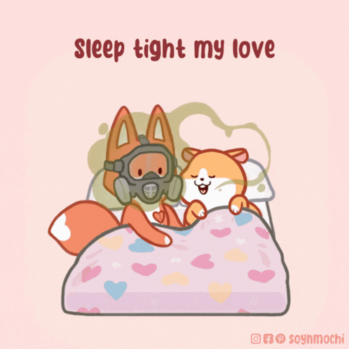 A cute animated fox in a gas mask and a hamster sleeping together under a blanket, with the text 'sleep tight my love'.
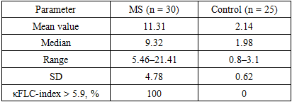 Analysis of the κFLC-index revealed pronounced differences between patients with multiple sclerosis and the control group. In all patients with MS, κFLC-index values exceeded the diagnostic threshold, whereas no pathological values were recorded in the control group.Table 1. κFLC-index in patients with multiple sclerosis and in the control group  |
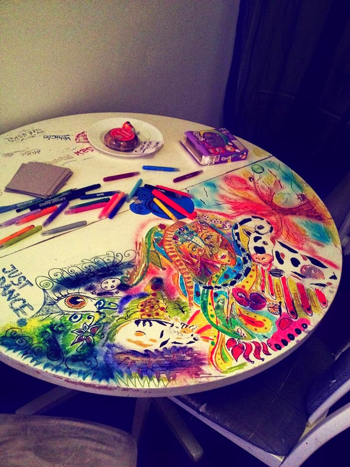 To jsem se bohužel neudržela a pokreslila stůl. DÍKY BOHU, že mám tak tolerantní spolubydlící a pana domácího, že to nikomu nevadilo.
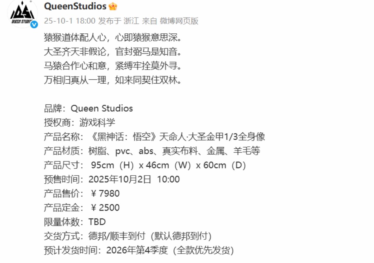 知名雕像厂牌Queen Studios今日正式发布了由游戏科学官方授权的《黑神话:悟空》天命人·大圣金甲1/3比例全身像,售价为7980元。该产品于10月2日上午10点开启预售,定金2500元,预计2026年第四季度发货。
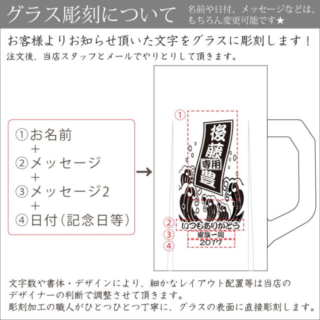 大人気の名入れギフト!ジョッキにメッセージを彫刻します。父の日、敬老の日、誕生日祝い、還暦祝い…どんなお祝いにも喜ばれるビールジョッキです。 | |
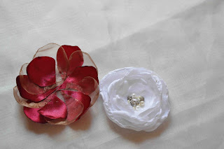 Beus küldött képet a leendő laza kontyáról, amibe külön csatokkal ellátott virágokat kért. Melírozott hajához külön, színben passzoló hullámcsatot vettem, erre kerültek a bazsarózsára emlékeztető virágok, egy kisebb és egy nagyobb. ( a méretbeli különbség végül alig észrevehetőre csökkent, mire a sok-sok sziromból felépültek a virágok.... De nem volt szívem elvenni a szirmok számából, valahogy így volt teljes az én szememben a "kicsi" is:)
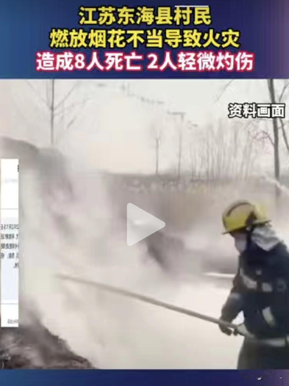 春节前夕,连云港东海县突发悲剧!放烟花引燃周围烟花爆竹店,已致8人不幸遇难! 2月15日下午两点半,连云港东海县石榴街道东安村,因为有村民放烟花时,没注意周边环境,结果烟花爆出来的火星子溅到旁边一个卖烟花爆竹的店里,一下子就点着了! 火势瞬间起来,现场情况非常危急。消防、急救很快就冲过去了救火。 到下午4点左右,明火总算扑灭了。但让人痛心的是,这场事故已经导致8个人丢了性命,还有2个人受了点轻伤。 目前相关的责任人已经被控制起来了,具体原因和责任还在进一步调查和研判中。 谁能想到,年关将近,喜庆的烟花竟成了夺命的导火索?那飞溅的火星,带走的何止是是8条鲜活的生命,更是好几个家庭的支柱和希望。 现在最重要的就是把原因查清楚,把后续的事处理好。 愿逝者安息,生者警醒。今年放炮的时候,多看一眼周边环境吧,咱们的平安,才是家里老人最大的盼头。 放烟花,一定一定要离卖炮的地方远远的啊!一定!一定!!一定!!! 素材来源:观察者网,侵联删!
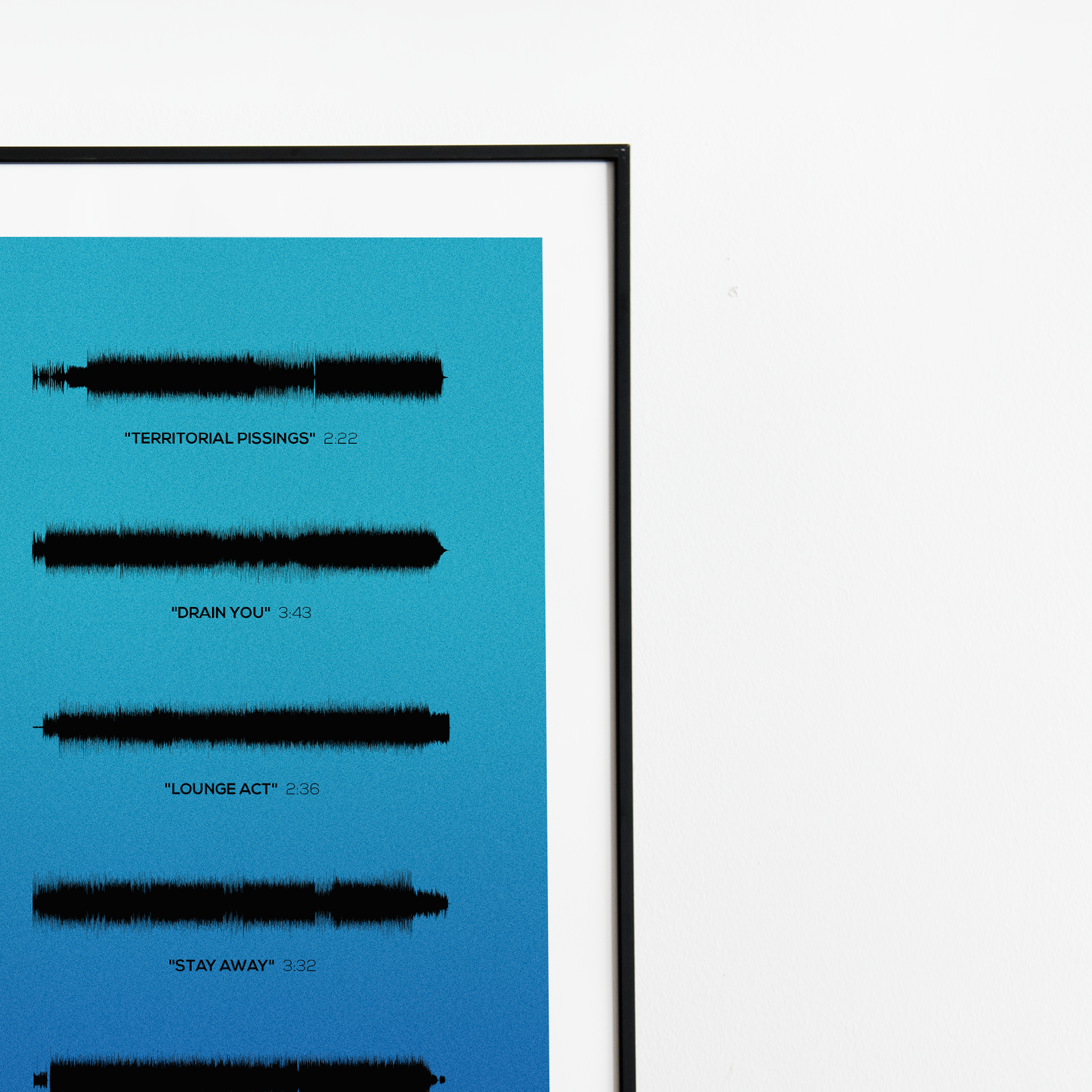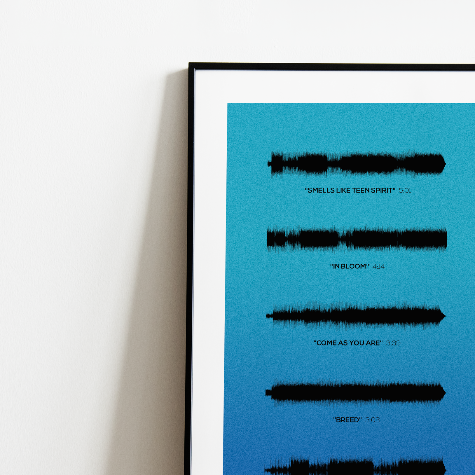 Make waves in your space with this unique soundwave album cover art for "Nevermind" by Nirvana, available in three sizes: 16x20, 18x24, and 24x36 inches. Each piece is printed on high-quality 150GSM paper using industry-grade archival inks. Elevate your artwork by pairing it with a handcrafted, 100% hardwood frame in black, white, or natural wood, complete with hanging hardware for easy install & display. Certified authentic, each track’s soundwave is extrapolated using The Wav Room's lossless audio transcribing process, making it a must-have for Nirvana music enthusiasts.
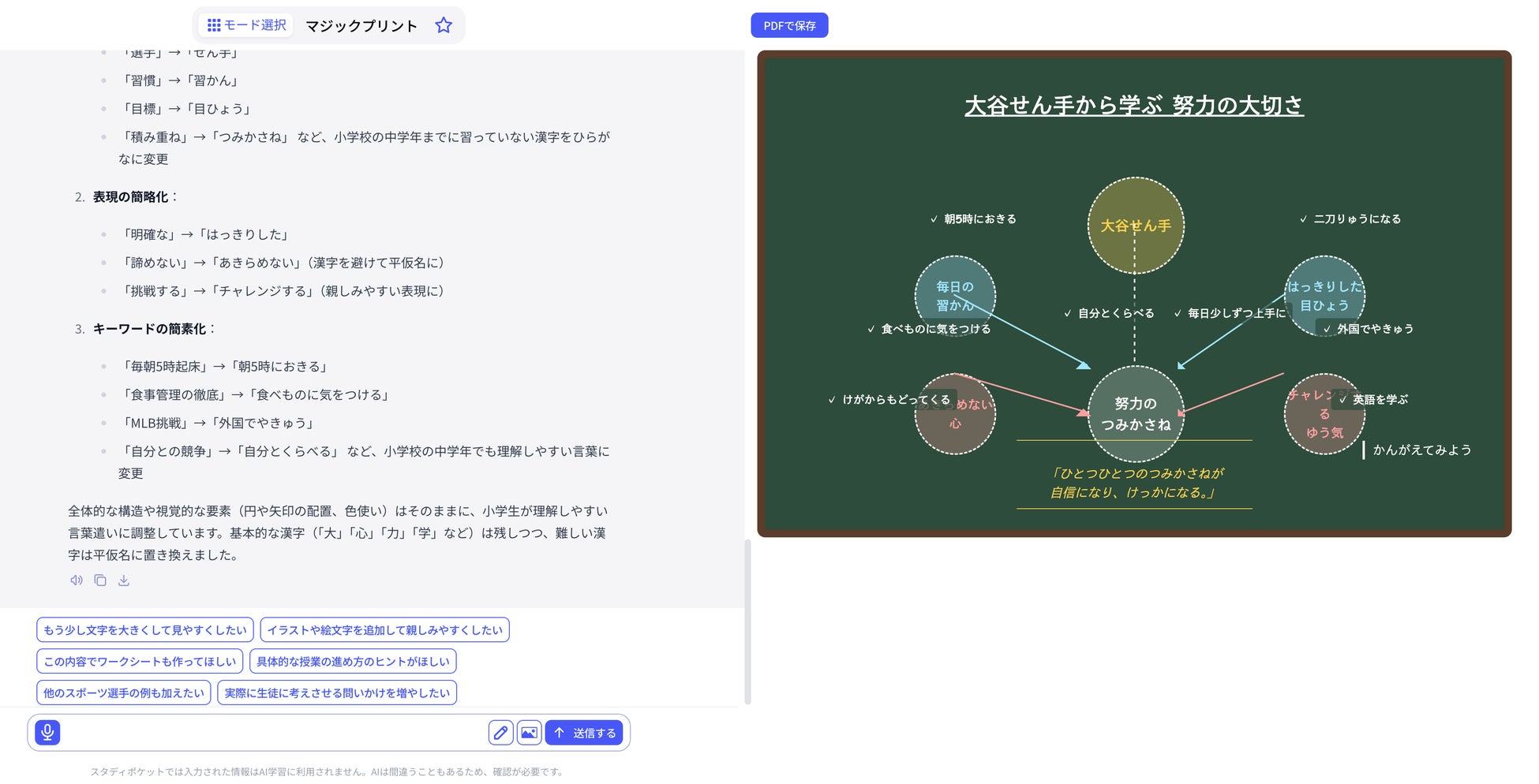 ぜひとも先生方の創意工夫によって、生成AIを用いたさまざまなプリント・図解作成のユースケースを発信してください。

▸ TASK GOAL:
Excluding every picture, set down the listing exactly.

▸ YOUR SOLUTION:
 A cute animated fox in a gas mask and a hamster sleeping together under a blanket, with the text 'sleep tight my love'.
 Analysis of the κFLC-index revealed pronounced differences between patients with multiple sclerosis and the control group. In all patients with MS, κFLC-index values exceeded the diagnostic threshold, whereas no pathological values were recorded in the control group.Table 1. κFLC-index in patients with multiple sclerosis and in the control group  |
 To jsem se bohužel neudržela a pokreslila stůl. DÍKY BOHU, že mám tak tolerantní spolubydlící a pana domácího, že to nikomu nevadilo.
 知名雕像厂牌Queen Studios今日正式发布了由游戏科学官方授权的《黑神话:悟空》天命人·大圣金甲1/3比例全身像,售价为7980元。该产品于10月2日上午10点开启预售,定金2500元,预计2026年第四季度发货。
 大人気の名入れギフト!ジョッキにメッセージを彫刻します。父の日、敬老の日、誕生日祝い、還暦祝い…どんなお祝いにも喜ばれるビールジョッキです。 | |
 Beus küldött képet a leendő laza kontyáról, amibe külön csatokkal ellátott virágokat kért. Melírozott hajához külön, színben passzoló hullámcsatot vettem, erre kerültek a bazsarózsára emlékeztető virágok, egy kisebb és egy nagyobb. ( a méretbeli különbség végül alig észrevehetőre csökkent, mire a sok-sok sziromból felépültek a virágok.... De nem volt szívem elvenni a szirmok számából, valahogy így volt teljes az én szememben a "kicsi" is:)
 春节前夕,连云港东海县突发悲剧!放烟花引燃周围烟花爆竹店,已致8人不幸遇难! 2月15日下午两点半,连云港东海县石榴街道东安村,因为有村民放烟花时,没注意周边环境,结果烟花爆出来的火星子溅到旁边一个卖烟花爆竹的店里,一下子就点着了! 火势瞬间起来,现场情况非常危急。消防、急救很快就冲过去了救火。 到下午4点左右,明火总算扑灭了。但让人痛心的是,这场事故已经导致8个人丢了性命,还有2个人受了点轻伤。 目前相关的责任人已经被控制起来了,具体原因和责任还在进一步调查和研判中。 谁能想到,年关将近,喜庆的烟花竟成了夺命的导火索?那飞溅的火星,带走的何止是是8条鲜活的生命,更是好几个家庭的支柱和希望。 现在最重要的就是把原因查清楚,把后续的事处理好。 愿逝者安息,生者警醒。今年放炮的时候,多看一眼周边环境吧,咱们的平安,才是家里老人最大的盼头。 放烟花,一定一定要离卖炮的地方远远的啊!一定!一定!!一定!!! 素材来源:观察者网,侵联删!
 Make waves in your space with this unique soundwave album cover art for "Nevermind" by Nirvana, available in three sizes: 16x20, 18x24, and 24x36 inches. Each piece is printed on high-quality 150GSM paper using industry-grade archival inks. Elevate your artwork by pairing it with a handcrafted, 100% hardwood frame in black, white, or natural wood, complete with hanging hardware for easy install & display. Certified authentic, each track’s soundwave is extrapolated using The Wav Room's lossless audio transcribing process, making it a must-have for Nirvana music enthusiasts.
 ぜひとも先生方の創意工夫によって、生成AIを用いたさまざまなプリント・図解作成のユースケースを発信してください。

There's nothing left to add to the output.